Downloaded data or status message.

Return type:

Union[pd.DataFrame, xr.Dataset, str]

Raises:

ValueError – If the data type is not supported.

list_data_types() List[str][source]

Lists the available data types.

Returns:

The list of available data types.

Return type:

List[str]

list_datasets() List[str][source]

Lists the available datasets.

Returns:

The list of available datasets.

Return type:

List[str]

read_bulk_parameters(buoy_id: str, years: int | List[int]) DataFrame | None[source]

Read bulk parameters for a specific buoy and year(s).

Parameters:
  • buoy_id (str) – The buoy ID.

  • years (Union[int, List[int]]) – The year(s) to read data for. Can be a single year or a list of years.

Returns:

DataFrame containing the bulk parameters, or None if data not found.

Return type:

Optional[pd.DataFrame]

read_directional_spectra(buoy_id: str, years: int | List[int]) Tuple[DataFrame | None, ...][source]

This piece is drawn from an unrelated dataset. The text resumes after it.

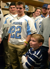 "This truly is as special of a day as we’ve ever had," said Tufts head coach Mike Daly. "Toughness is a huge thing we look for in recruiting. This guy is tough, competitive, and I love being around him. Today you have 50 new brothers. And we’re going to help you kick cancer’s butt."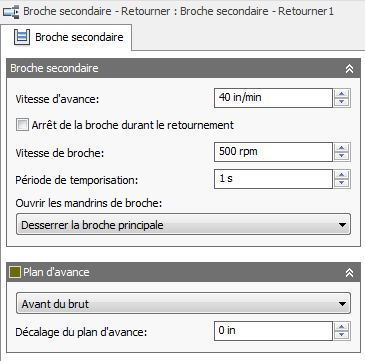 Une fois le mandrin de la contre-broche fermé, il s'agit de l'avance appliquée pour revenir vers le plan d'avance.

Read directional spectra data for a specific buoy and year(s).

Parameters:
  • buoy_id (str) – The buoy ID

  • years (Union[int, List[int]]) – The year(s) to read data for. Can be a single year or a list of years.

Returns:

Tuple containing DataFrames for alpha1, alpha2, r1, r2, and c11, or None for each if data not found

Return type:

Tuple[Optional[pd.DataFrame], …]

read_wave_spectra(buoy_id: str, years: int | List[int]) DataFrame | None[source]

Read wave spectra data for a specific buoy and year(s).

Parameters:
  • buoy_id (str) – The buoy ID.

  • years (Union[int, List[int]]) – The year(s) to read data for. Can be a single year or a list of years.

Returns:

DataFrame containing the wave spectra, or None if data not found

Return type:

Optional[pd.DataFrame]

show_markdown_table() None[source]

Create a Markdown table from the configuration dictionary and print it.